I want to count and aggregate(sum) a column in a data.table
, and couldn't find the most efficient way to do this. This seems to be close to what I want R summarizing multiple columns with data.table.
My data:
set.seed(321)
dat <- data.table(MNTH = c(rep(201501,4), rep(201502,3), rep(201503,5), rep(201504,4)),
VAR = sample(c(0,1), 16, replace=T))
> dat
MNTH VAR
1: 201501 1
2: 201501 1
3: 201501 0
4: 201501 0
5: 201502 0
6: 201502 0
7: 201502 0
8: 201503 0
9: 201503 0
10: 201503 1
11: 201503 1
12: 201503 0
13: 201504 1
14: 201504 0
15: 201504 1
16: 201504 0
I want to both count and sum VAR
by MNTH
using data.table. The desired result:
MNTH COUNT VAR
1 201501 4 2
2 201502 3 0
3 201503 5 2
4 201504 4 2
The post you are referring to gives a method on how to apply one aggregation method to several columns.
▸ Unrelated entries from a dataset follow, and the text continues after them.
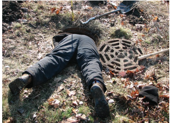
Another glamorous job for the guy who showed up late.

And now that the floodwaters have receded, it's a great time to inspect all those drain lines and catch basins and give 'em a good spring cleaning. Who says we don't have any fun working on a golf course?
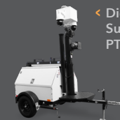
◀ Diesel-Powered Surveillance Trailer PT-RD6000
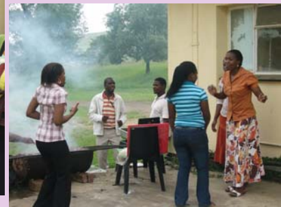
The excitement kept everybody moving.
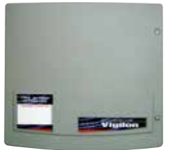
Loop Powered Mains Switching Interface
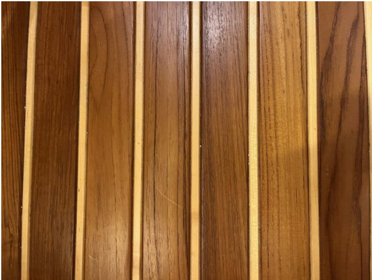
Solid Teak And Holy Sole
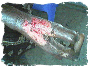
Infected hand of a leper.

The Lord has put a great burden and compassion in the heart of Independent Church In India (ICII) to reach out to those with leprosy that are the most shunned and ignored throughout India. To many of these desperate souls, ICII is their only hope. As the Lord has provided, ICII has given out numerous leprosy compassion packs that contain a Bible, Christian literature, sandals made for lepers, a mat to sleep on, a blanket, soap and towel, toothpaste and toothbrush, bandages, eatables, and more. They also have provided food, clothing, eyeglasses for the nearly blind, and they pay the bus fare for those who are coming to church each week. Independent Church in India's goals are to keep making a difference in the lives of lepers. This ministry's goal is to build homes for homeless lepers. At their own leprosy colony, they can lead a normal life and even work. ICII's goal is to buy enough land so they can grow their own fruits and vegetables. At their new home, we can get medical provision for them and get them on a medicine that will cure their leprosy. They can live the rest of their lives here feeling wanted, live without starving or begging, and feel the love of Jesus in their lives. We want to build them a church here and have daily Bible studies so they can grow in the Lord and have the void in their life filled with the love of the Lord Jesus Christ.
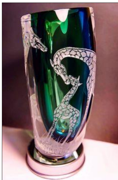
Figure (7) Seduction of Light- Crystal Vase- African Art- Giraffe
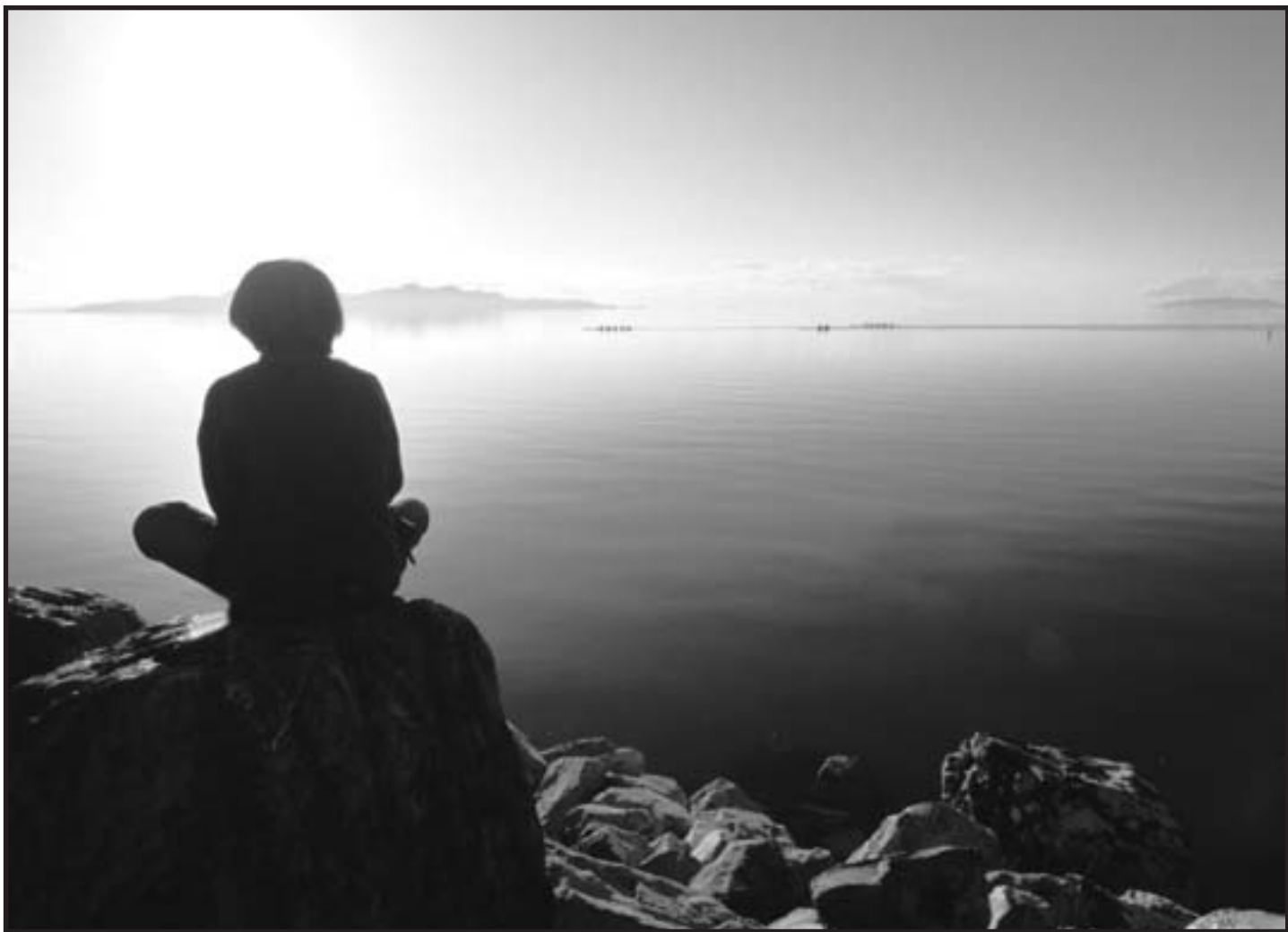
Crew Watching by Stephen Trimble ©2004

a hint of light over the mountains, and we are escaping it. It feels as though if we keep going, we can outrun the dawn and disappear, back into that globe of darkness that we have learned to love more than anything else in the world.
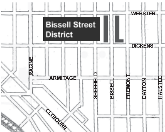
Left: The Bissell Street District is located in the western part of the Lincoln Park community area commonly known as the Sheffield neighborhood. Top and middle: The district consists of 20 buildings lining both sides of the 2100-block of N. Bissell St., between Dickens and Webster Avenues.
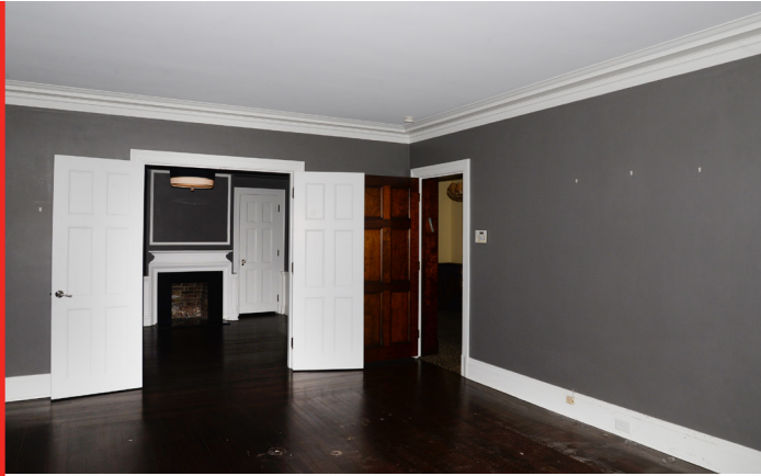
BEFORE PHOTO OF MASTER BEDROOM AT SCHEAR RESIDENCE

After the successful completion of a third-floor remodel last Spring, the Schears of Oakwood have reengaged Greater Dayton Building & Remodeling to complete their master-suite renovation.
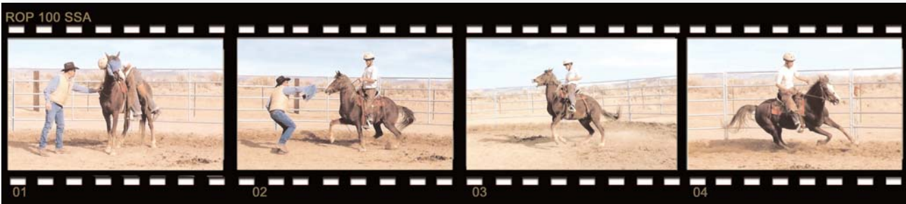
HORSE WHISPERER... Equine-assisted therapy helps both the student and the horse as they learn to trust one another and work together.
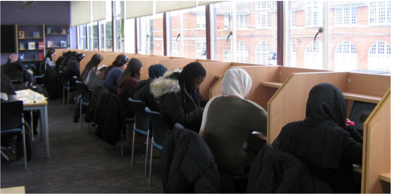
Research on different courses, universities and alternative Post 18 pathways during Progression Day
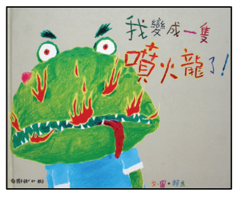
I've Become a fire-Breathing Dragon!, 1996
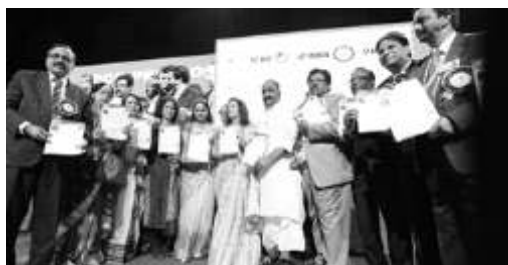
Release of the Brochure of IAP Women's Wing
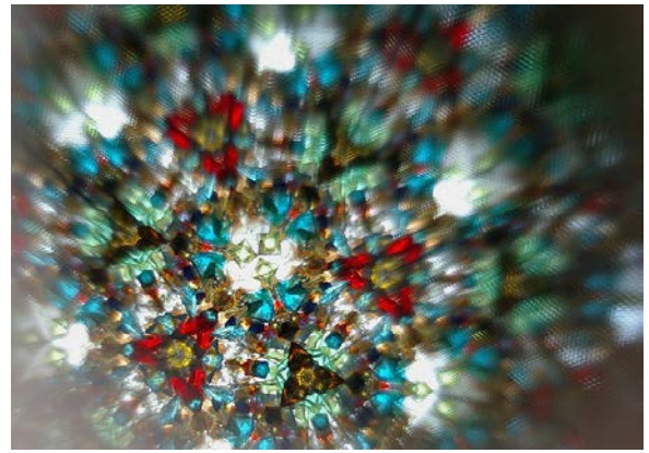
Kaleidoscope view : Picture by Muu-Karhu

In our attempts to understand trust better, we are drawn to the metaphor of playing with a kaleidoscope . We see that kaleidoscopic images are made up of hundreds of reflected shards of coloured glass. However, our attention is drawn to the bigger patterns of colour and uniqueness. We are aware of how the larger picture is formed from the fragments, but this comes to life and patterns change every time it is turned and we sense a process of movement and becoming.
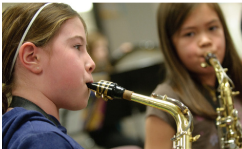
5th Grade Band

We provide a variety of academic programs and unique student activities that support students as they become the best learners and citizens they can be.
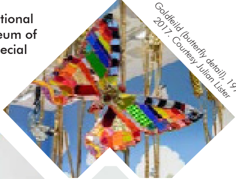
Goldfield (butterfly detail), 1976- 2017.
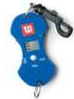
Wilson Golf Bag Tag/Score Keeper by Wilson
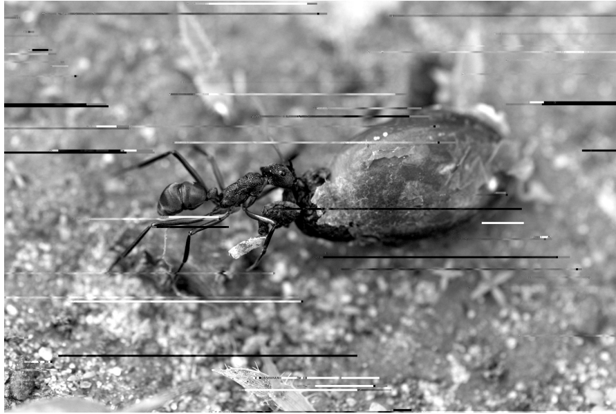
PLATE 1. A Rhytidoponera aurata worker transporting an Acacia dunnii seed in tropical savanna woodland outside Darwin, northern Australia. The worker is dragging the seed by the elaiosome. This is a large ant (8 mm length) and a large seed (12 mm length, 302 mg).

seeds in habitats dominated by the invasive Argentine ant, Linepithema humile , rarely escape the parental canopy and remain vulnerable to small-mammal predators (Bond and Slingsby 1984). Perhaps as a result, seedlings in invaded habitats are poorly dispersed and less than 1/10 as abundant (Bond and Slingsby 1984), in some cases even leading to local extinctions of plant species (Christian 2001). Why these problems occur, and whether we might expect similar disruption of this ant-plant mutualism after invasions by other exotic ants, is not yet well understood.
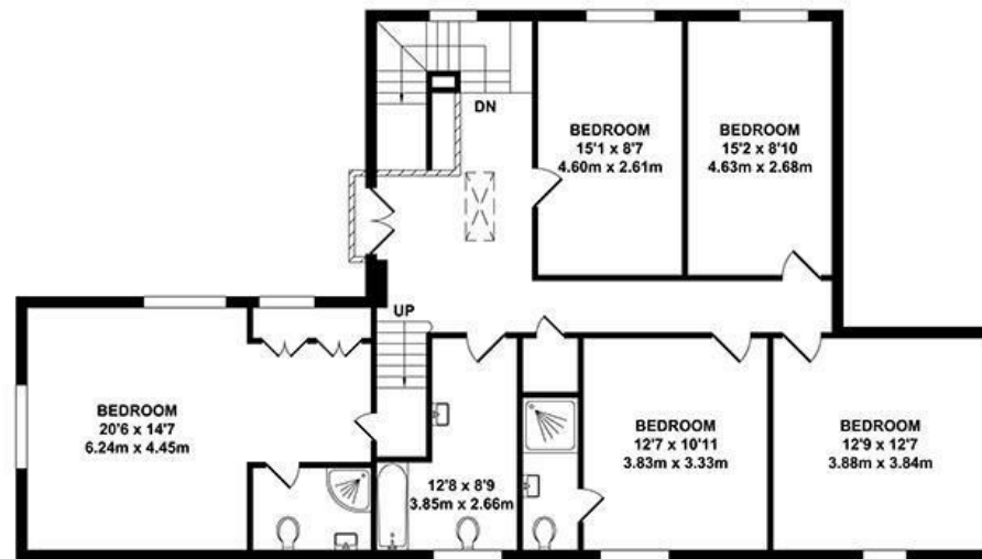
FIRST FLOOR APPROX. FLOOR AREA 1264 SQ.FT. (117.45 SQ.M.)
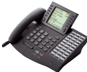
Elite Large Screen Display Phone

If you want to apply different aggregation methods to different columns, you can do:
dat[, .(count = .N, var = sum(VAR)), by = MNTH]
this results in:
MNTH count var 1: 201501 4 2 2: 201502 3 0 3: 201503 5 2 4: 201504 4 2
You can also add these values to your existing dataset by updating your dataset by reference:
dat[, `:=` (count = .N, var = sum(VAR)), by = MNTH]
this results in:
> dat MNTH VAR count var 1: 201501 1 4 2 2: 201501 1 4 2 3: 201501 0 4 2 4: 201501 0 4 2 5: 201502 0 3 0 6: 201502 0 3 0 7: 201502 0 3 0 8: 201503 0 5 2 9: 201503 0 5 2 10: 201503 1 5 2 11: 201503 1 5 2 12: 201503 0 5 2 13: 201504 1 4 2 14: 201504 0 4 2 15: 201504 1 4 2 16: 201504 0 4 2
For further reading about how to use data.table syntax, see the Getting started guides on the GitHub wiki.